**WHAT THIS TASK INVOLVES:**
Output only the lines below from the one holding "W środę, 15" down to the one holding "- Menggabungkan perangkat", both end lines included and every picture dropped.

**DATA LISTING:**
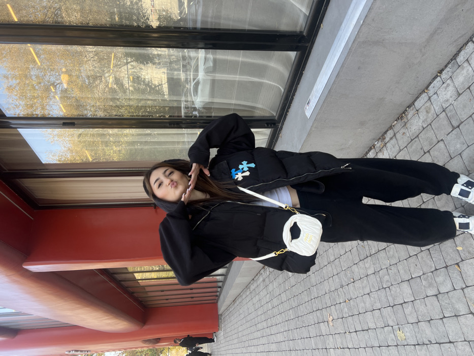 The image captures a young adult female posing on a paved sidewalk in Yerevan, Armenia, specifically near the Cafesjian Center for the Arts at the Yerevan Cascade. She stands facing forward, with her head tilted, lips pursed in a pout, and both hands raised to either side of her face, fingers splayed. Her long, dark brown hair frames her face. She wears a black hooded puffer jacket, unzipped to reveal a white crop top, paired with black loose-fitting sweatpants and white sneakers with black accents. A small, white, ruched handbag with gold hardware, bearing the "Miu Miu" logo, is worn cross-body over her left hip. Two stylized cross-shaped pins, one light blue and one white, are attached to the upper left chest of her jacket. The background to her left features a distinctive reddish-orange, textured architectural facade with vertical windows, consistent with the Cafesjian Center for the Arts. To her right, large, dark-framed windows reflect an urban environment, including trees with yellow-orange autumn foliage, a blue sky, and a white car in the distance. The sidewalk is constructed from light grey rectangular pavers. In the far left background, two indistinct male figures are visible walking away from the camera. The scene is illuminated by bright natural sunlight, indicative of a clear day.
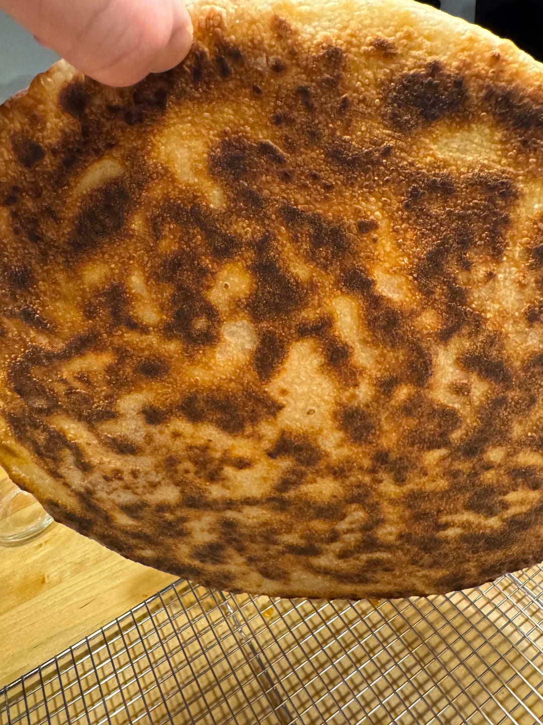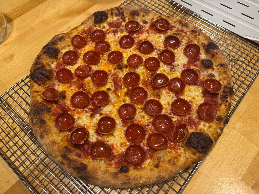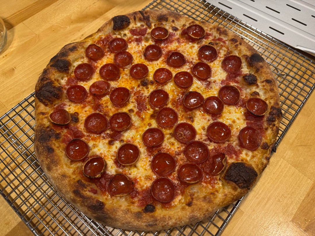 4 day cold fermented direct dough at 68% hydration. Cooked at 530 for 6min. Broiler for about a minute. Dough ball was 370g. Stretched to 13inch. Baked on Steel. Airy and crunchy. Very happy with this one.
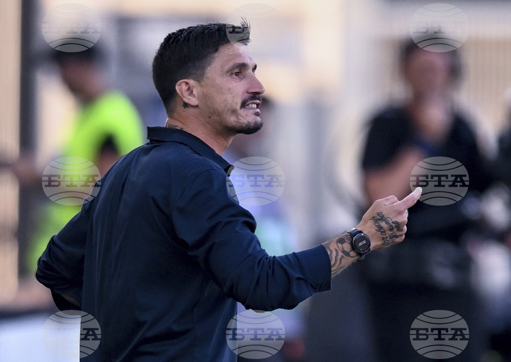 Cagliari's coach Fabio Pisacane during a Serie A soccer match between Cagliari and Fiorentina at the Unipol Domus in Cagliari, Italy, Sunday, Aug. 24 2025. (Gianluca Zuddas/LaPresse via AP)
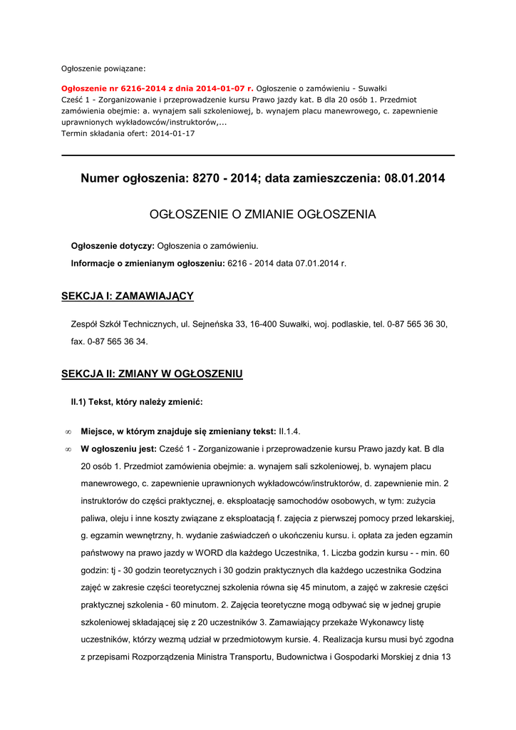Ogłoszenie powiązane: Ogłoszenie nr 6216-2014 z dnia 2014-01-07 r. Ogłoszenie o zamówieniu - Suwałki Cześć 1 - Zorganizowanie i przeprowadzenie kursu Prawo jazdy kat. B dla 20 osób 1. Przedmiot zamówienia obejmie: a. wynajem sali szkoleniowej, b. wynajem placu manewrowego, c. zapewnienie uprawnionych wykładowców/instruktorów,... Termin składania ofert: 2014-01-17 Numer ogłoszenia: 8270 - 2014; data zamieszczenia: 08.01.2014 OGŁOSZENIE O ZMIANIE OGŁOSZENIA Ogłoszenie dotyczy: Ogłoszenia o zamówieniu. Informacje o zmienianym ogłoszeniu: 6216 - 2014 data 07.01.2014 r. SEKCJA I: ZAMAWIAJĄCY Zespół Szkół Technicznych, ul. Sejneńska 33, 16-400 Suwałki, woj. podlaskie, tel. 0-87 565 36 30, fax. 0-87 565 36 34. SEKCJA II: ZMIANY W OGŁOSZENIU II.1) Tekst, który należy zmienić: • Miejsce, w którym znajduje się zmieniany tekst: II.1.4. • W ogłoszeniu jest: Cześć 1 - Zorganizowanie i przeprowadzenie kursu Prawo jazdy kat. B dla 20 osób 1. Przedmiot zamówienia obejmie: a. wynajem sali szkoleniowej, b. wynajem placu manewrowego, c. zapewnienie uprawnionych wykładowców/instruktorów, d. zapewnienie min. 2 instruktorów do części praktycznej, e. eksploatację samochodów osobowych, w tym: zużycia paliwa, oleju i inne koszty związane z eksploatacją f. zajęcia z pierwszej pomocy przed lekarskiej, g. egzamin wewnętrzny, h. wydanie zaświadczeń o ukończeniu kursu. i. opłata za jeden egzamin państwowy na prawo jazdy w WORD dla każdego Uczestnika, 1. Liczba godzin kursu - - min. 60 godzin: tj - 30 godzin teoretycznych i 30 godzin praktycznych dla każdego uczestnika Godzina zajęć w zakresie części teoretycznej szkolenia równa się 45 minutom, a zajęć w zakresie części praktycznej szkolenia - 60 minutom. 2. Zajęcia teoretyczne mogą odbywać się w jednej grupie szkoleniowej składającej się z 20 uczestników 3. Zamawiający przekaże Wykonawcy listę uczestników, którzy wezmą udział w przedmiotowym kursie. 4. Realizacja kursu musi być zgodna z przepisami Rozporządzenia Ministra Transportu, Budownictwa i Gospodarki Morskiej z dnia 13 lipca 2012 r. w sprawie egzaminowania osób ubiegających się o uprawnienia do kierowania pojazdami, szkolenia, egzaminowania i uzyskiwania uprawnień przez egzaminatorów oraz wzorów dokumentów stosowanych w tych sprawach - Dz. U. z dnia 14 września 2012 r. poz. 1019) 5. Obowiązki wykonawcy: 1) Ustalenie szczegółowego http://bzp0.portal.uzp.gov.pl/index.php?ogloszenie=show&pozycja=6... 1 z 12 2014-01-07 17:15harmonogramu zajęć z Koordynatorem projektu. 2) Zajęcia będą mogły odbywać się również w dni wolne od nauki. Wykonawca przekaże harmonogram Zamawiającemu nie później niż 4 dni przed rozpoczęciem kursu. Harmonogram może być aktualizowany przez Zamawiającego na wniosek Zamawiającego lub na wniosek Wykonawcy po ustaleniu z Koordynatorem projektu. Zmiana harmonogramu nie wymaga zawarcia aneksu do umowy. Wykonawca jest zobowiązany dostosować się do zmian harmonogramu wprowadzonych przez Zamawiającego. Harmonogram zajęć praktycznych ustalany będzie indywidualnie z każdym uczestnikiem kursu. 3) Przeprowadzenie kursu na terenie Miasta Suwałki. Wykonawca wskaże dokładny adres miejsca przeprowadzania zajęć teoretycznych oraz placu manewrowego, na którym odbędzie się część zajęć praktycznych. 4) Do przeprowadzenia zajęć teoretycznych Wykonawca zapewni pomieszczenia spełniające wszelkie wymogi bezpieczeństwa i higieny pracy: oświetlenie naturalne i sztuczne, odpowiednia temperatura, wentylacja zapewniająca prawidłową wymianę powietrza oraz prawidłowo zainstalowane urządzenia elektryczne. Sale przeznaczone na szkolenia mają spełniać wymogi sanitarnohigieniczne i zabezpieczeń przeciwpożarowych. Sale dydaktyczne muszą posiadać dostęp do sanitariatów wyposażonych w bieżącą wodę (ciepłą i zimną). 5) Wymagane jest, aby powierzchnia sal dydaktycznych, ilość stanowisk oraz wyposażenie w sprzęt i pomoce dydaktyczne były dostosowane do zakresu szkolenia oraz liczby uczestników szkolenia, zgodnie z przepisami dotyczącymi bezpieczeństwa i higieny pracy. Sala w czasie prowadzonych zajęć nie może być udostępniana innym użytkownikom niż uczestnicy kursu, musi być przeznaczona na czas szkolenia tylko dla uczestników projektu. 6) Ubezpieczenie uczestników od następstw nieszczęśliwych wypadków powstałych w związku ze szkoleniem oraz w drodze do miejsca szkolenia i z powrotem wskazanych uczestników szkolenia i zobowiązuje się do przedłożenia Zamawiającemu dokumentów potwierdzających zawarcie umowy ubezpieczenia nie później niż 24 godziny przed terminem rozpoczęcia szkolenia. 7) Zapewnienie kadry dydaktycznej posiadającej kwalifikacje i doświadczenie zawodowe odpowiednie do prowadzonego kursu. 8) Realizacja przedmiotu zamówienia w formie wykładów, pokazów oraz ćwiczeń i zadań praktycznych kształtujących i doskonalących nabyte umiejętności. Nie dopuszcza się prowadzenia zajęć metodą e-lerningową. 9) Zapewnienia materiałów dydaktycznych niezbędnych do przeprowadzenia (przekazania bezpłatnie po jednym egzemplarzu materiałów dydaktycznych Zamawiającemu), 10) Zapewnienia sprzętu niezbędnego do należytej realizacji przedmiotu zamówienia spełniającego wymogi prawne w zakresie BHP i p.poż. oraz zapewnienia sali i placu manewrowego odpowiednio przystosowanego do przeprowadzenia zajęć, 7. Wykonawca zobowiązuje się do: 1) Przeprowadzenia teoretycznego egzaminu wewnętrznego. 2) Opłaty za pierwszy pełny egzamin państwowy, 3) Oznaczenia miejsc realizacji zajęć oraz wszelkich materiałów powstających w ramach zajęć zgodnie z aktualnymi Wytycznymi dotyczącymi oznaczania projektów w ramach Programu Operacyjnego Kapitał Ludzki zatwierdzonymi przez Instytucję Zarządzającą POKL oraz zasadami promocji Projektu. 4) Informowania uczestników o współfinansowaniu zajęć ze środków Unii Eur
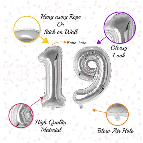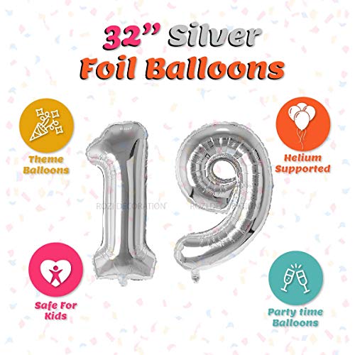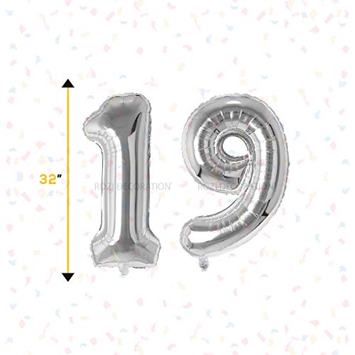 32" Inch Number Foil Balloon Helium Quality -(Pack of 2 Unit) (Silver-19)
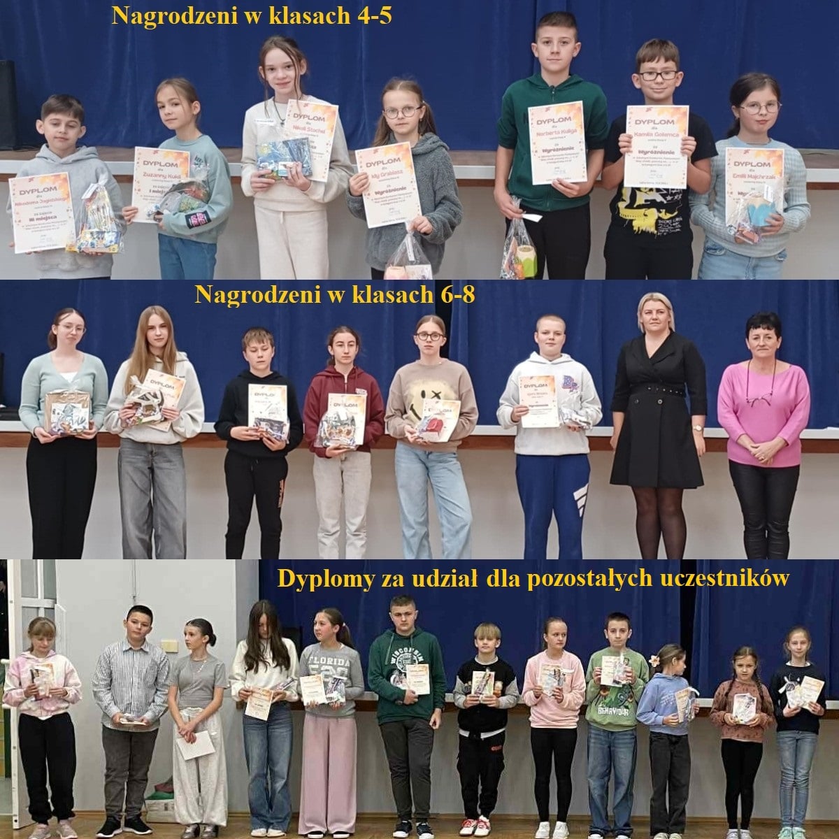 W środę, 15 października w sali gimnastycznej zostały ogłoszone wyniki konkursu oraz wręczone nagrody i upominki ufundowane przez p. Dyrektor Dorotę Juszczyk i p. Teresę Białkę.
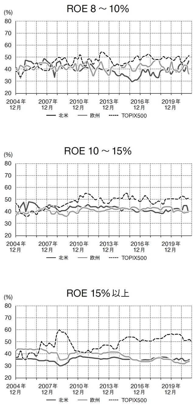 ROEとROAのギャップの原因は、レバレッジ(株主資本/総資産、「自己資本比率」)である。ROA8%未満では、日本とその他の市場でレバレッジの差はない。しかしROA8%以上では、日本の自己資本比率は他の先進国に比べかなり高い水準となっている(図表6)。
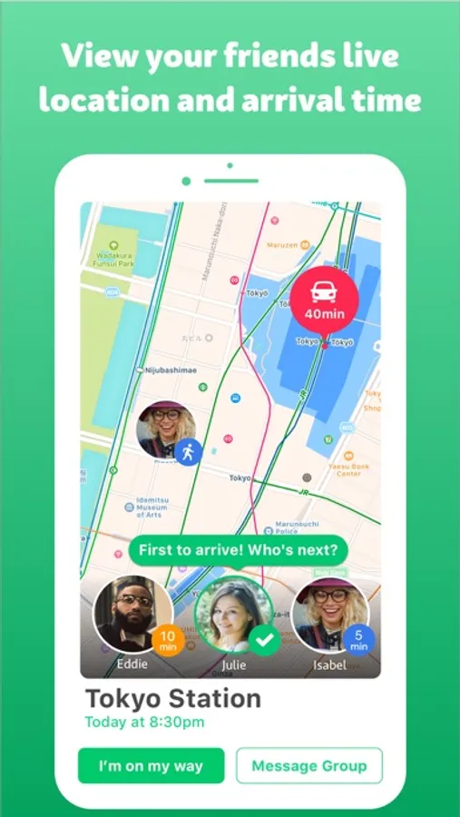 Easily organize events and know exactly when your friends will arrive with Ikou!
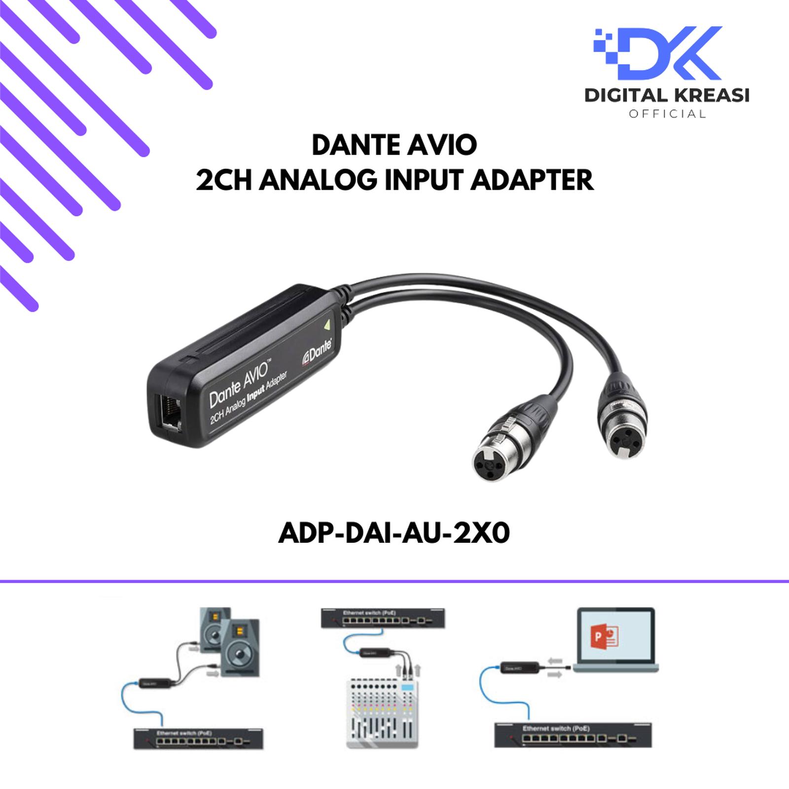 - Menggabungkan perangkat audio analog ke jaringan Dante yang sudah ada.
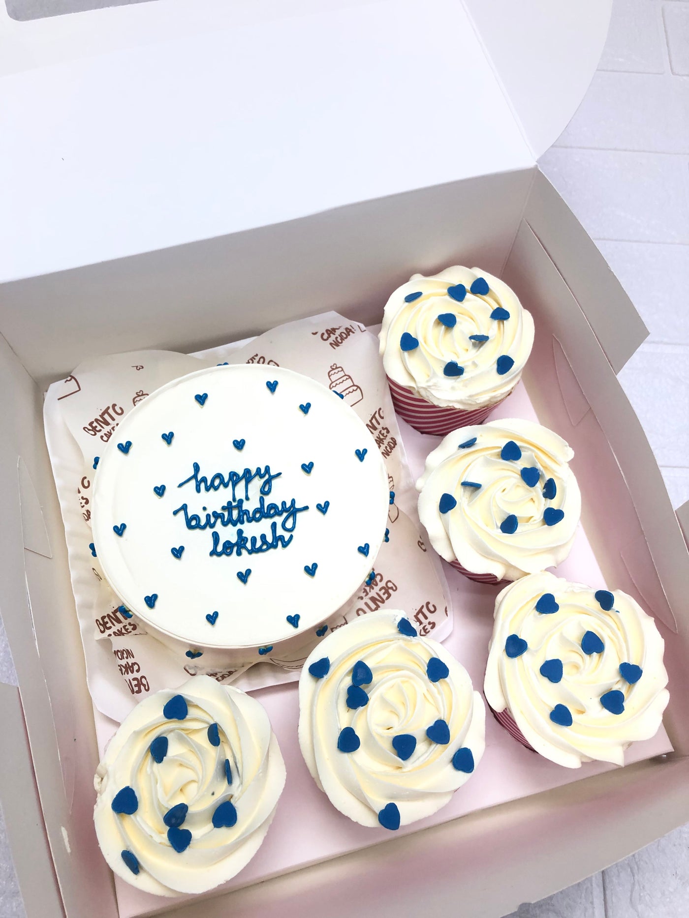 Celebrate Lekesh’s birthday with this elegant cake and cupcake set featuring white frosting and blue heart accents. The central cake carries the message “happy birthday lekesh” in soft blue icing, surrounded by six matching cupcakes with swirled frosting and heart sprinkles. Presented in red-striped liners and a decorative box, this set is perfect for heartfelt gifting, minimalist celebrations, or personalized birthday surprises.
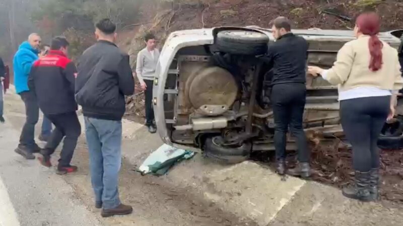 Bolu'da Abant Gölü Milli Parkı yolunda kontrolden çıkan bir otomobil, takla attı.
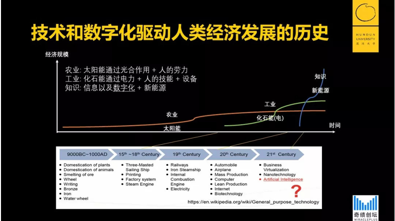 第三是信息与知识体系。从图中可以看到,在这个时代,财富创造的速度远远超过工业时代的增长速度。大家可以回顾一下20年之前全球最大的10家公司,基本上都是石油、汽车企业。而现在,高市值公司基本变成了高科技公司。本质上讲,这个时代,创造财富的核心驱动力是通过信息、数字化在信息当中抽取知识,用知识不断重组人类社会的现有资源,最终实现财富的快速创造。
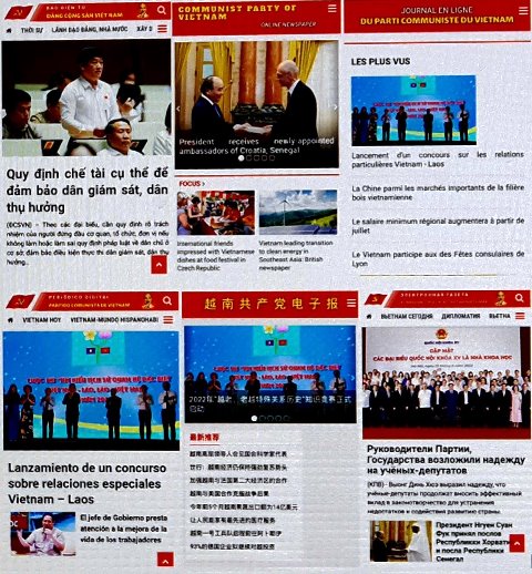 | Giao diện Báo điện tử Đảng Cộng sản Việt Nam với các thứ tiếng: Việt, Anh, Pháp, Trung Quốc, Nga, Tây Ban Nha... (Ảnh: HNV) |
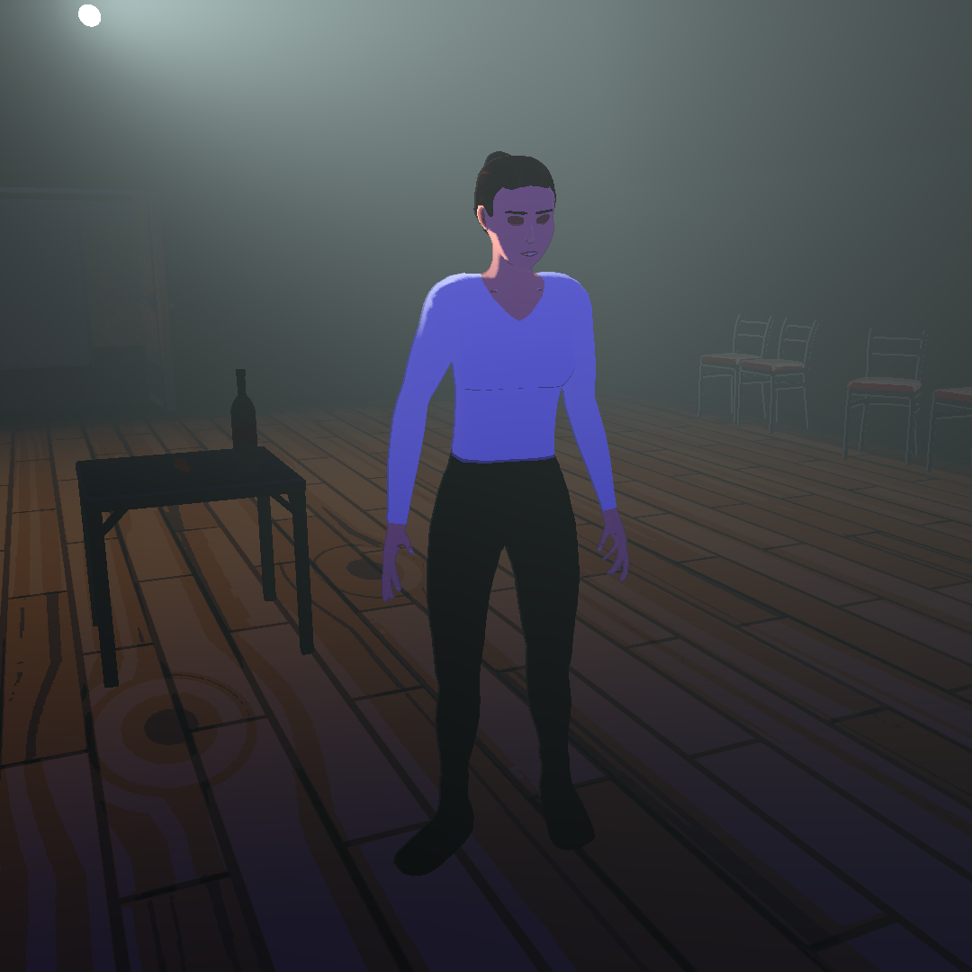 The projector in this room! I'm quite happy with the way the visuals of this scene have come together. In previous posts I've mentioned the fact that barely any lights in this game cast real-time shadows on objects—most of the 'shadows' you see are manually mapped on a UV layer by yours truly, or just a dark ambient light pretending to be a shadow. It's a stylistic choice, but also has to do with performance and optimization, since I'm currently sitting at about 200 lights right now. I'll enable shadows on particular lights in rare cases like this when I think it'll make a big difference visually, but otherwise I adhere strictly to my no-dynamic-shadows rule.

**FINAL ANSWER:**
 W środę, 15 października w sali gimnastycznej zostały ogłoszone wyniki konkursu oraz wręczone nagrody i upominki ufundowane przez p. Dyrektor Dorotę Juszczyk i p. Teresę Białkę.
 ROEとROAのギャップの原因は、レバレッジ(株主資本/総資産、「自己資本比率」)である。ROA8%未満では、日本とその他の市場でレバレッジの差はない。しかしROA8%以上では、日本の自己資本比率は他の先進国に比べかなり高い水準となっている(図表6)。
 Easily organize events and know exactly when your friends will arrive with Ikou!
 - Menggabungkan perangkat audio analog ke jaringan Dante yang sudah ada.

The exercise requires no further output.